The extreme position taken by the principal and school board (the petitioners in the case, represented by Kenneth Starr, former Whitewater Independent Counsel who investigated President Bill Clinton and found Monica Lewinsky), and supported by the Federal government, that "the First Amendment permits public school officials to censor any student speech that interferes with a school's 'educational mission'" was rejected. (concurring opinion of Justice Alito).

Justice Stevens dissented (joined by Souter and Ginsburg). Stevens would allow advocacy of drug use. "It is also perfectly clear that 'promoting illegal drug use,' comes nowhere close to proscribable 'incitement to imminent lawless action.' Brandenburg, 395 U.S., at 447. Encouraging drug use might well increase the likelihood that a listener will try an illegal drug, but that hardly justifies censorship..."

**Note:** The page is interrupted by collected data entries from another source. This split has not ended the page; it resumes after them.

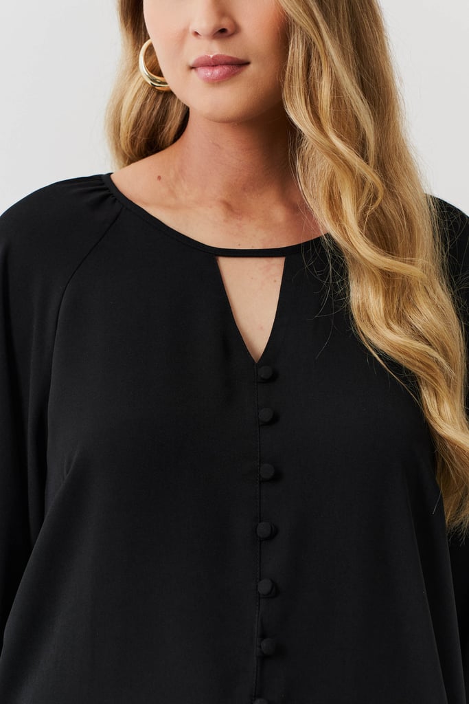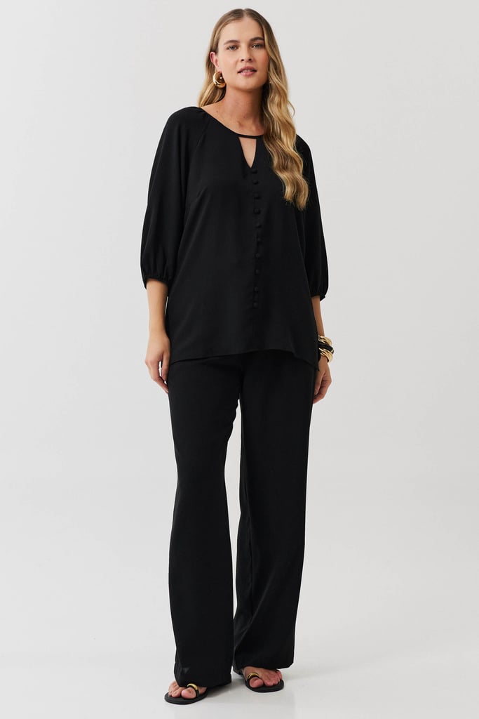 Conjunto confeccionado em tecido de crepe. Blusa possui decote redondo, detalhe de botões frontais decorativos e manga 3/4 com terminação de elástico. Calça traz nossa modelagem clássica reta, bolsos laterais e cós com elástico embutido nas costas para maior conforto.
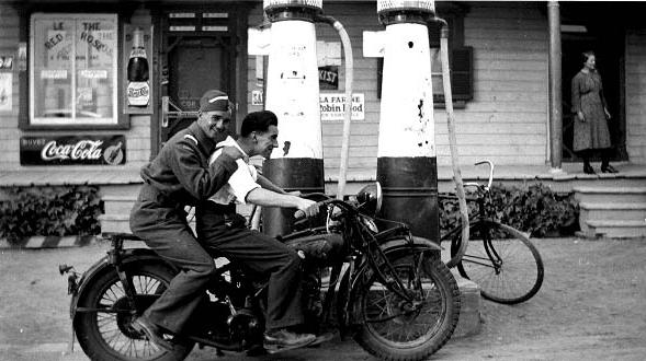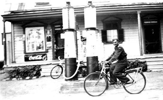 Picture of Edmour Gaudet in St-Jacques L'Achigan during WWII. The store in the background is today Jean Paul Gaudet's store.
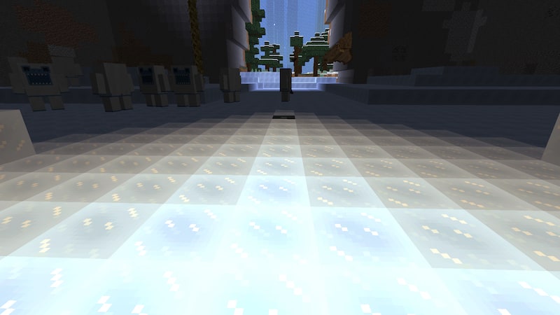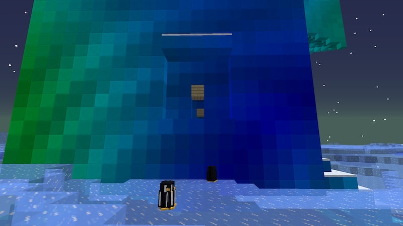 アルファイエティを倒し実績が解除されたので、雪の女王がいるオーロラの宮殿に向かいます。オーロラの宮殿はこの氷の上にあります。階段状にブロックを積んでいくのが楽だと思います。

Justice Thomas would have overruled the seminal case of Tinker v. Des Moines Independent Community School Dist., 393 U.S. 503 (1969) that ruled that student may wear armbands to protest the Vietnam War. Thomas conducts an historical analysis of the rights of students in the Eighteenth and Nineteenth Century and finds that at the time of either the First Amendment or the Fourteenth Amendment there was no right of students to speak, and that teachers and schools had very broad powers to discipline and punish students who were disobedient or disorderly.

Justice Breyer would have restricted the ruling to the issue of the principal's liability and not ruled on the First Amendment question.